Last Update:2016-06-12 Source: Internet

Author: User

Tags iterable

Developer on Alibaba Coud: Build your first app with APIs, SDKs, and tutorials on the Alibaba Cloud. Read more ＞

Now, the online spark-based code is basically Scala, a lot of books are based on Scala, no way, who called Spark is Scala written out, but I do not have a systematic study of Scala, so I can only use Java to write Spark program, Spark supports Java, and Scala is based on the JVM, not to mention, directly on the code

This is the official online example, the Big Data Learning Classic case of Word count
In Linux next terminal enter $ nc-lk 9999

Then run the following code

Packagecom. TG. Spark. Stream;Import Java. Util. Arrays;import org. Apache. Spark.*;import org. Apache. Spark. API. Java. function.*;import org. Apache. Spark. Streaming.*;import org. Apache. Spark. Streaming. API. Java.*;Import Scala. Tuple2;/** * * @author Soup High * * *public class Sparkstream {public static void main (string[] args) {//Create a local StreamingContext with Working thread andBatch//Interval of1Second sparkconf conf = new sparkconf (). Setmaster("Local[4]"). Setappname("Networkwordcount"). Set("Spark.testing.memory","2147480000");Javastreamingcontext JSSC = new Javastreamingcontext (conf, durations. Seconds(1));System. out. println(JSSC);Create a DStream that would connect to hostname:port, like//localhost:9999javareceiverinputdstream<string> lines = JSSC. Sockettextstream("Master",9999);javadstream<string> lines = JSSC. Textfilestream("Hdfs://master:9000/stream");Split each line into words javadstream<string> words = lines.
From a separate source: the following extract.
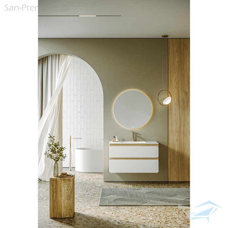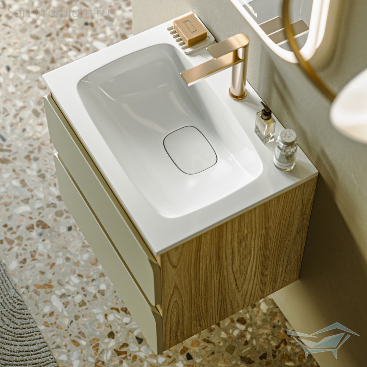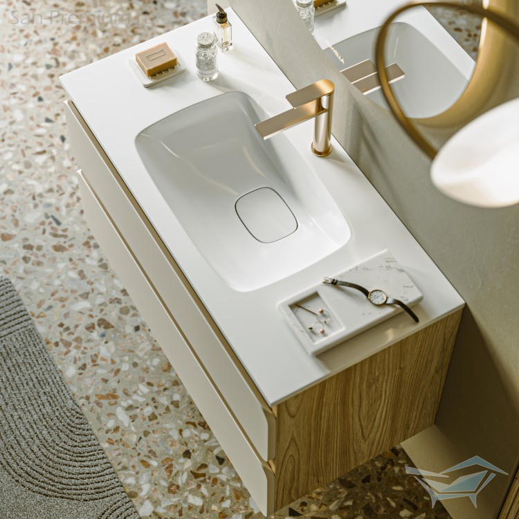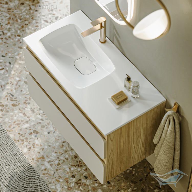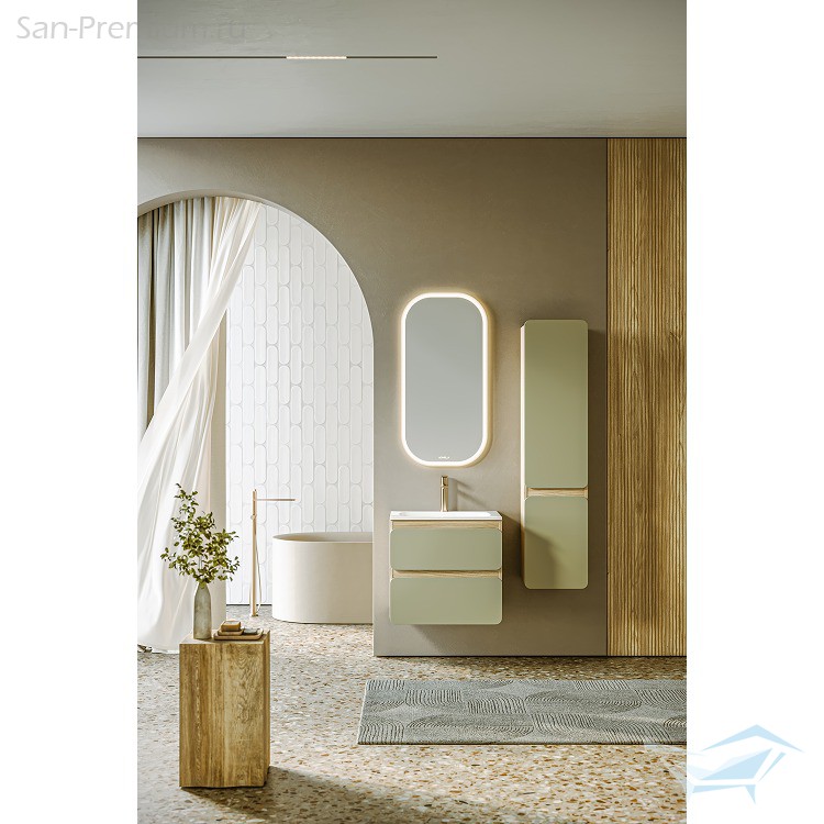 Цветовая палитра коллекции включает сдержанные и благородные оттенки: белый матовый, морская дюна и шалфей зеленый. Ощущение свободы проявляется и в вариативности комплектации: корпус и фасады поставляются отдельно, позволяя адаптировать мебель под различные интерьерные решения – от минималистичных городских пространств до природных и спокойных интерьеров. Разнообразие размеров (60, 75, 90 и 100 см) делает коллекцию универсальной, а версия тумбы 90 см с асимметричным умывальником, смещенным влево, отражает динамику современной жизни, когда все необходимое должно быть под рукой и в нужном месте.

FlatMap(New flatmapfunction<string, string> () {@Override public iterable<string>Pager(Stringx) {System. out. println(Arrays. Aslist(x. Split(" ")). Get(0));Return Arrays. Aslist(x. Split(" "));}        });Count each wordinchEach batch javapairdstream<string, integer> pairs = words. Maptopair(New pairfunction<string, String, integer> () {@Override public tuple2<string, integer>Pager(String s) {return new tuple2<string, integer> (S,1);}        });System. out. println(pairs);javapairdstream<string, integer> wordcounts = pairs. Reducebykey(New Function2<integer, Integer, integer> () {@Override public IntegerPager(integer i1, integer i2) {return i1 + i2;}        });Print the first ten elements of each RDD generatedinchThis DStream to//the console wordcounts. Print();Wordcounts. Saveashadoopfiles("hdfs://master:9000/testfile/","Spark", New Text (), New Intwritable (), javapairdstream<text,intwritable> ());Wordcounts. Dstream(). Saveastextfiles("hdfs://master:9000/testfile/","Spark");Wordcounts. Saveashadoopfiles("hdfs://master:9000/testfile/","Spark", text,intwritable);System. out. println(wordcounts. Count());Jssc. Start(); System. out. println(wordcounts. Count());//Start the computationJssc. Awaittermination(); Wait for the computation to terminate}}

And then just the terminal input Hello World

# TERMINAL 1:# Running Netcat9999hello world

You can see it through the console.

1357008430000 ms-------------------------------------------(hello,1)(world,1)...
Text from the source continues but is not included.